Digital surpasses traditional at oOh!

oOh! Media half year results show the outdoor giant’s digital revenue growing from 44.5 per cent to 52.1 per cent, which it says is the first time digital has taken over from traditional billboards.

However, the company has 13,000 traditional billboards across Australia and New Zealand compared to its 8,000 digital billboards across Australia and New Zealand.

oOh! revenue is up 18 per cent from $146.6m at HY16 to $173m, its gross profit rose 25.1 per cent from $60.1m at HY16 to $75.3m.

Its gross profit margin expanded to 43.5 per cent up from 41 per cent in the previous year. The underlying EBITDA is up 27 per cent from $26.8m to $34m. The NPAT came in at $7.1m up 18.3 per cent from $6m.

During the first half of the year oOh! says it introduced 40 large format, premium-located digital screens across all products, taking the total of such screens to 230, and more than 1,800 retail small format screens.

[Related: oOh! wins SA billboard tender]

Brendon Cook, CEO of oOh! says, “oOh!’s strong performance reflects both the sector’s strength and further market share gains by oOh in its key product categories. We offer advertisers a portfolio of products who complementarity and diversity enables us to deliver strong group revenue and profit growth.

“We are executing our end-to-end digital strategy, investing to maintain our market leadership position, and continuing to deliver innovative and effective solutions for advertisers. We will also continue to explore opportunities to further strengthen and develop our new media strategy and enhance shareholder value through organic growth and acquisitions.”

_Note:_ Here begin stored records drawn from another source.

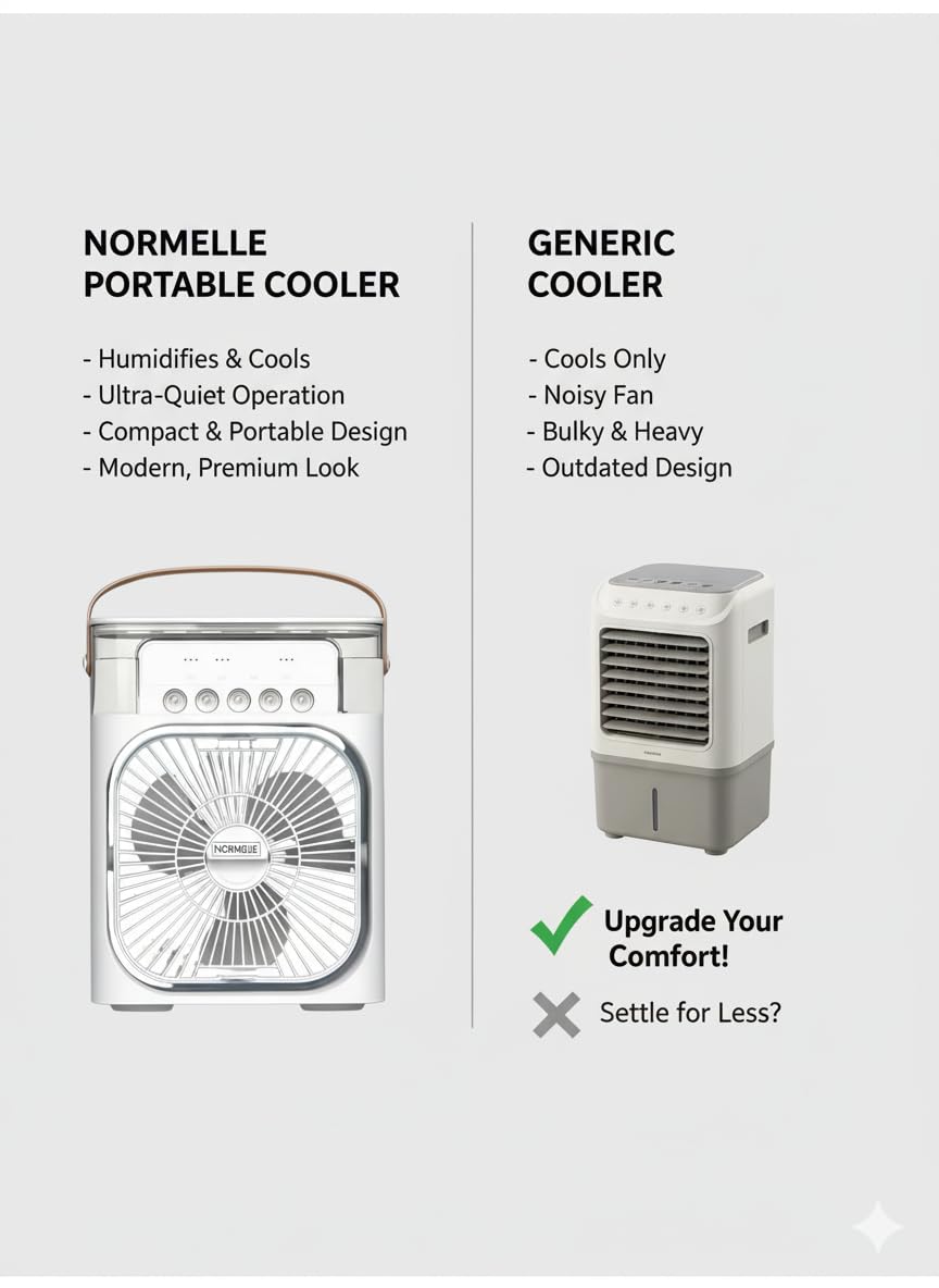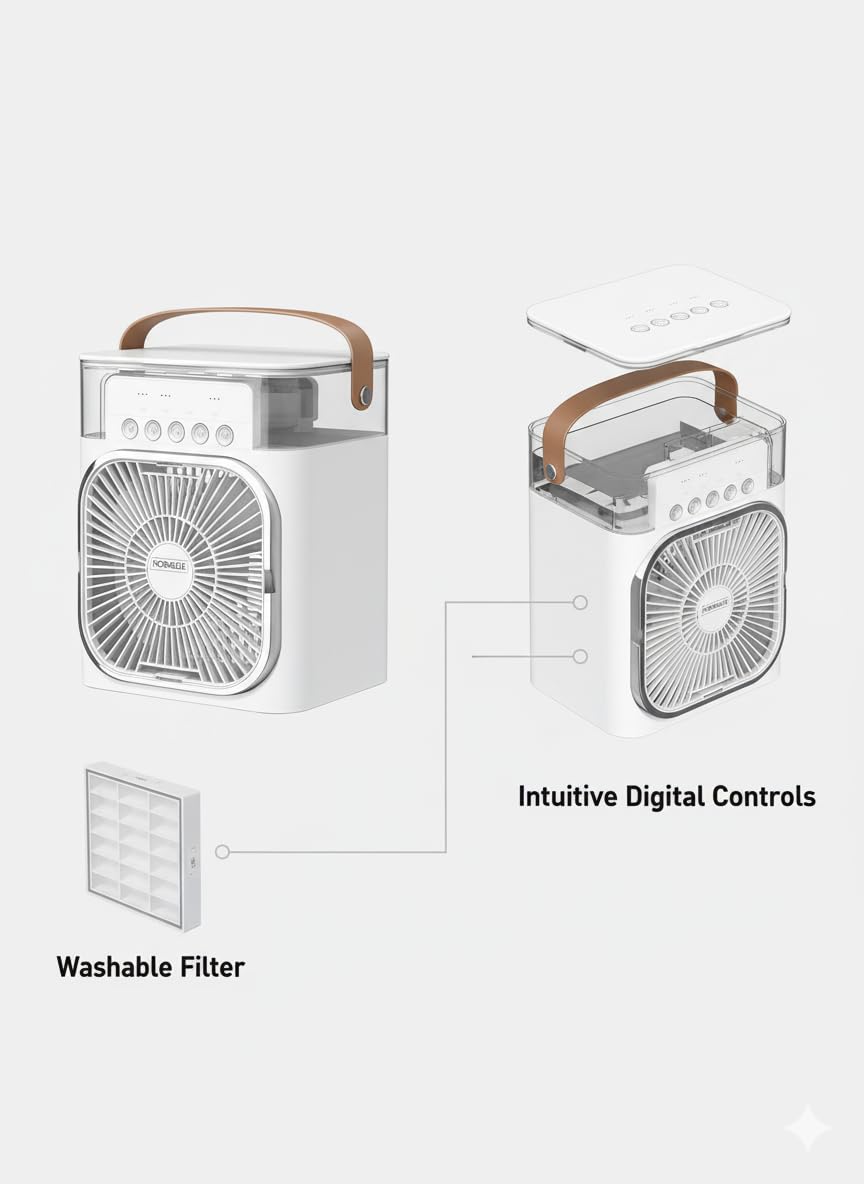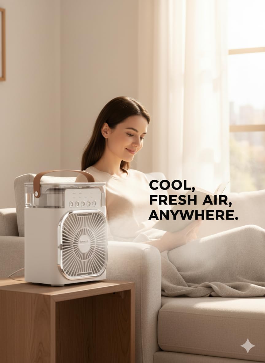 • Dual Cooling & Humidifying Function for All-Season Comfort – This multifunctional mini fan works as both an evaporative cooler and humidifier, helping you stay refreshed in summer and maintain moisture levels during dry seasons.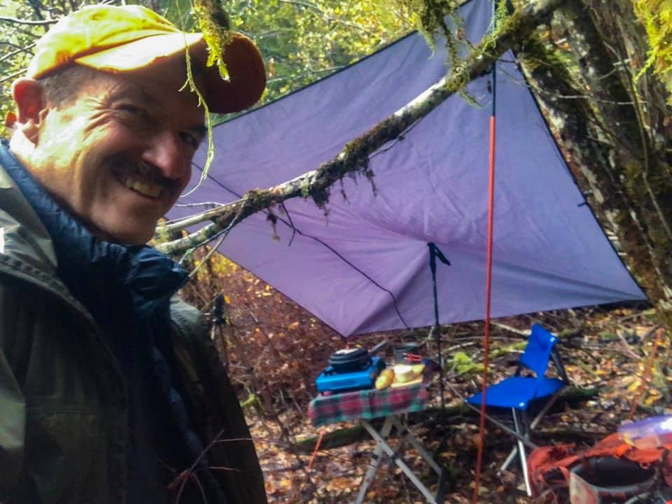 There was a narrow rain-free window forecasted from dawn to 10am so I left quite early. I saw no one else on the way in. After about 2 mile I found the perfect spot and set up the table, chair, stove, tarp and even table cloth. The menu this year was: turkey & dressing inside a lasagna noodle roll, turkey & dressing inside a puff pastry roll, a pear stuffed hassle back yam, a cranberry sauce filled blood orange, 3 escargot bourguinon, a French cheese tray and chocolate truffles. What a delightful setting for a terrific feast! I left no trace of course.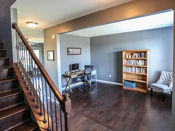Remarkable 2-Sty in desirable Wentzville-Timberland schools in friendly community of Wilmer Valley featuring walking paths, trails & picturesque stocked lake*Upon first entering, you will be amazed by beautiful new engineered hw flrs on both levels including stairway*Updated Kitchen has granite countertops, stainless steel appliances that all stay, brkfst bar & adjoining Brkfst Rm that opens to a Fam Rm w/wall of newly built custom bookshelves & 5-wdw bay bringing in warm natural lighting*Master Ste has walk-in closet & private bath w/double vanity & walk-in shower*Spacious loft area makes a perfect 2nd flr Fam Rm or Playrm*Features & updates include white 6 pnl drs, 9ft clgs, main floor lndry, sprinkler system, paver patio, pro landscaping, new aluminum fencing, 200amp elec w/220 outlet in 3-car gar*Easy to finish lower level w/high clgs, full size wdw & full bath rough-in*Make this house your home just in time for family hikes along trails & fishing in the lake! ($4500 playset stays)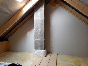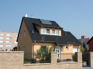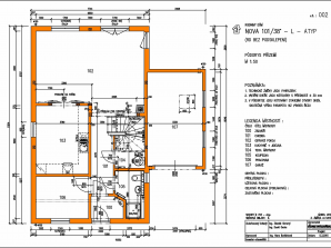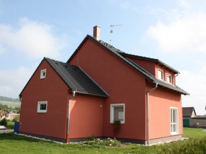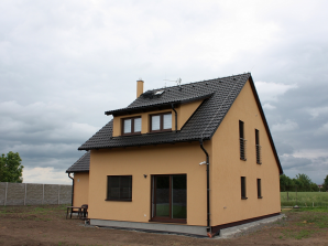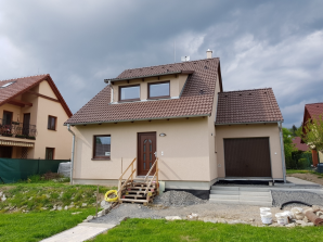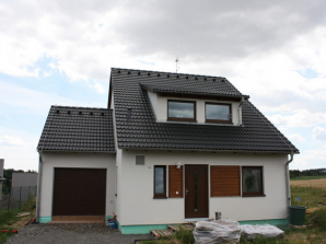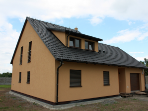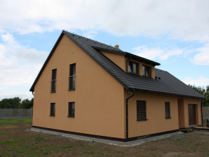 - obvodové stěny s vnitřní izolací 120 + 40 mm a vnější termofasádou 150 mm uzavřenou strukturní barevnou omítkou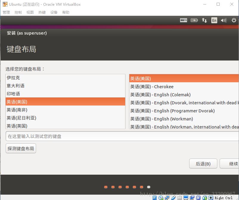 然后是选择键盘的布局,通常的键盘布局都是英语(美国)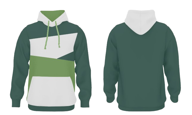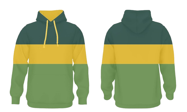 Camisola com capuz de três faixas horizontais verde-escuro, amarelo e verde claro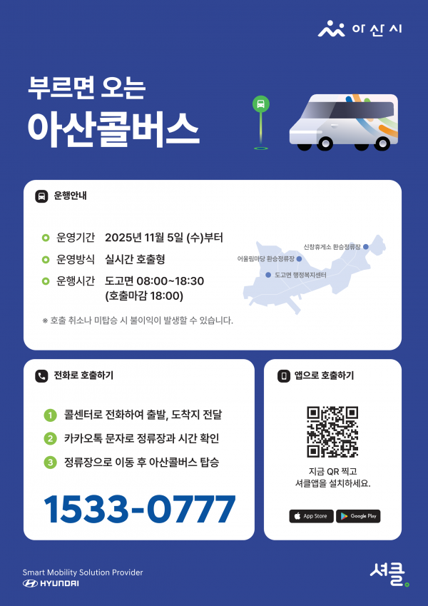 [금요저널] 아산시가 도고면 지역의 관광 활성화와 주민들의 이동 편의성 제고를 위해 오는 11월 5일부터 수요응답형 공공형 버스 ‘아산콜버스’를 시범 운행한다.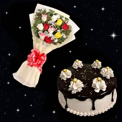 Delicious Round shape Chocolate cake -1kg + 10 mixed roses flower bouquet along with fillers wrapped in a 2 layers white...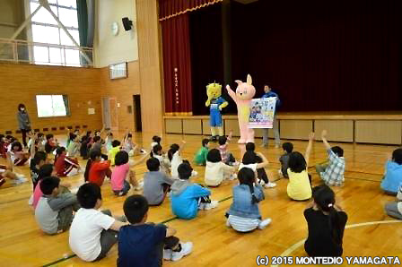 続いてはGW明けの5月7日(木)ディーオは朝日町の大谷小学校へ朝日町応援デーのPRへ行ってきました。この日は朝日町のキャラクター「桃色ウサヒ」がPRの手伝いに来てくれました!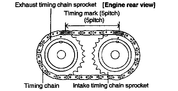 2. Align the camshaft timing chain with the intake timing chain sprocket and exhaust timing chain sprocket as shown.

oOh! says it is continuing to invest in its end-to-end digital strategy and its digital revenue penetration leads the market. As well as further digitisation of assets, initiatives during the period included investing in proprietary trading systems to harness its exclusive Quantium insights, which were recently launched to major advertisers in a successful pilot. 

The company’s divisional highlights include road and retail delivering double digit growth, locate delivering double digit growth despite the revenue growth from ECN, acquired in November being slower than anticipated and New Zealand grew its revenue by 41 per cent on a like-for-like basis, after adjusting for Westfield in-housing its media footprint.

oOh! says it remains well positioned to capitalise on growth opportunities, with net debt and underlying EBITDA at 1.7 times and well within the financial covenants of its debt facilities agreements, producing headroom to continue investing for further growth. Higher EBIDTA and improved working capital management resulted in net cash flow from operating activities increasing from $3.5m to $11.5m.